Abstract:

What a fantastic time to be a microscopist! A great enabling technology to help to understand how molecules regulate life or are dysregulated leading to diseases. Today I will highlight several technical breakthroughs in microscopy that enabled us to better understand biology, starting in the 17th century with van Leeuwenhoek, discussing a seminal discovery of Langerhans to Nobel-prize winning techniques (in) directly related to biomedical microscopy from the early 1900s until to date. Focus will be on developments that did highly benefit from each other, like probes for microscopy in living cells and species, as well as development of cutting edge technology such as superresolution microscopy. I will be happy to discuss limitations of the different techniques together, and how to overcome these by using multimodal approaches leading to a bright future of implementation of microscopy to better understand how molecules regulate life, may cause diseases or may help to prevent and cure diseases.

Short Bio:

Ben Giepmans is intrigued by how biomolecules act together to control cell fate in health and disease.

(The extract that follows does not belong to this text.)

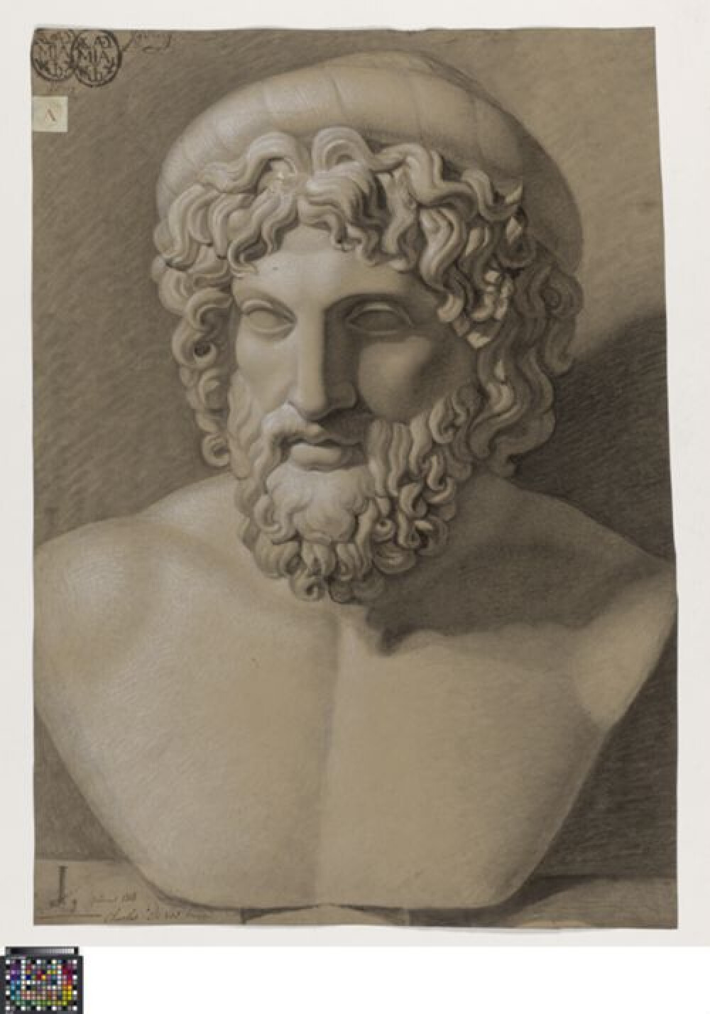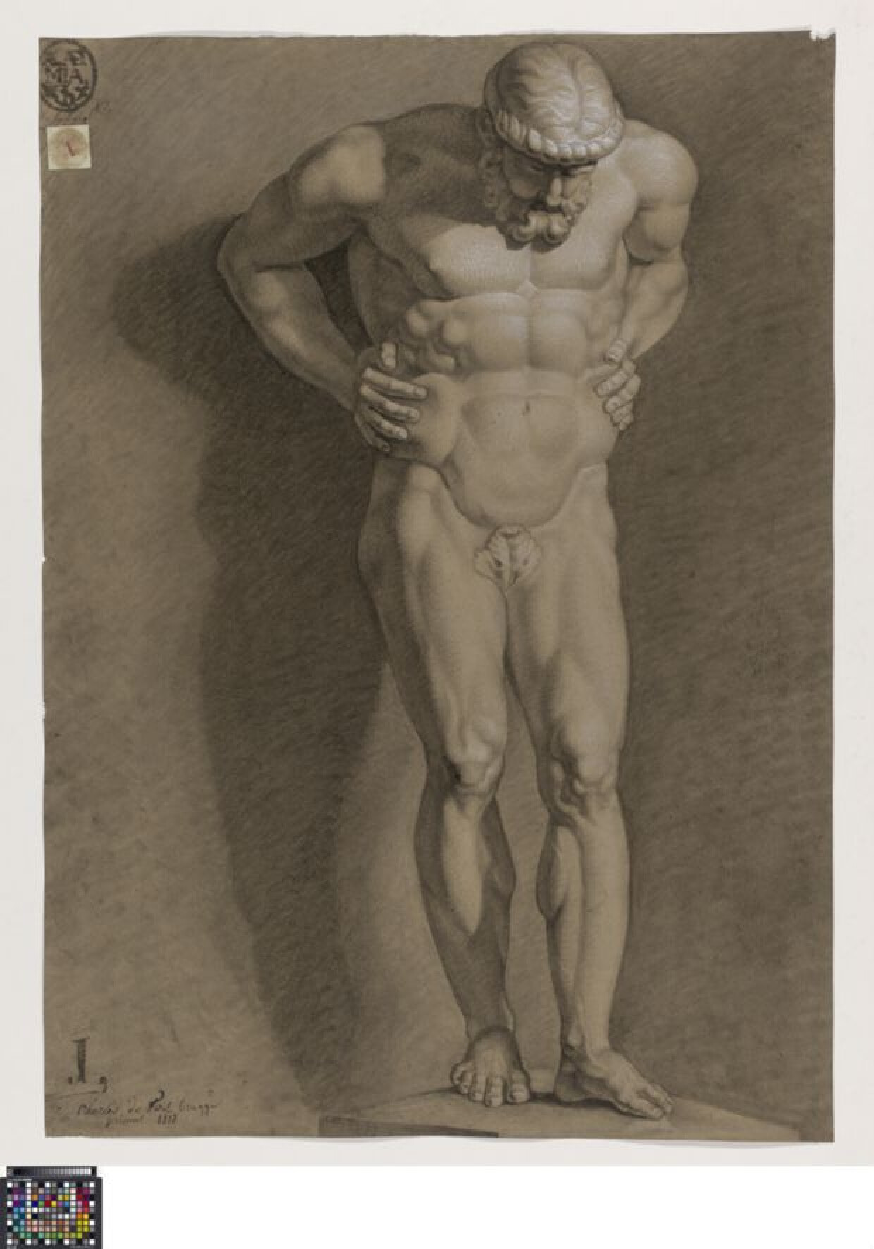 19de eeuwAcademische studie naar sculptuur van Atlas, getekend door Charles De Vos in 1818. De Vos was toen leerling in de klas naar plaaster aan de Academie Brugge. Voor de wedstrijd om prijs maakte hij twee studies (zie ook 0016.GRO0164.II) waarmee hij de tweede prijs zijn klas behaalde. Jean Naert werd tweede (0016.GRO0167.II). Een standbeeld van Atlas is voluit, in driekwart naar rechts weergegeven. Atlas is naakt, erg gespierd en staat rechtop met zijn linkervoet wat vooruit. Hij staat in gebogen houding, de handen op zijn heupen en gezicht naar beneden gericht. Naar welk beeld De Vos tekende is nog onduidelijk. Wel kan het beeld geïdentificeerd worden als Atlas op basis van een kopie gemaakt door Nicolai Outzen Schmidt. Daar is te zien dat op de schouders van Atlas wellicht een globe lag, die weergeeft hoe hij als straf het hemelgewelf diende te dragen. De Vost maakte zijn studie in zwart krijt of houtskool, gehoogd met wit krijt. De aantekeningen duiden op zijn wedstrijddeelname. Op het etiket staat zijn toegewezen tekenletter 'A'. Daarbij zijn de academiestempel en handtekening van directeur Ducq te zien. Dat De Vos de eerste prijs behaalde, werd linksonder met een 'J,' (of 1,) genoteerd. Nadien werden zijn naam en afkomst, behaalde wedstrijdtitel en het wedstrijdjaar onderaan opgeschreven.

He is a cell biologist and molecular biochemist/ microscopist. His PhD research at The Netherlands Cancer Institute (2001) and related work in The Scripps Research Institute (CA, USA) have led to a better molecular understanding of gap junctions. In his second post-doc he implemented several new advanced imaging techniques and probes to study protein dynamics in live cells and protein localization at high resolution. These studies have given unexpected new insights in Golgi apparatus reformation during mitosis (NCMIR, University of California, San Diego).

Innovative microscopy is the spearpoint of Giepmans’ research group at UMC Groningen where he also is the architect and director of the advanced microscopy & imaging center (UMIC). The team develops and/or implements new imaging techniques with and without probes for large-scale and multimodal microscopy. Particular focus is on Islets of Langerhans to help to understand trigger(s) and potential new therapies for Type 1 diabetes.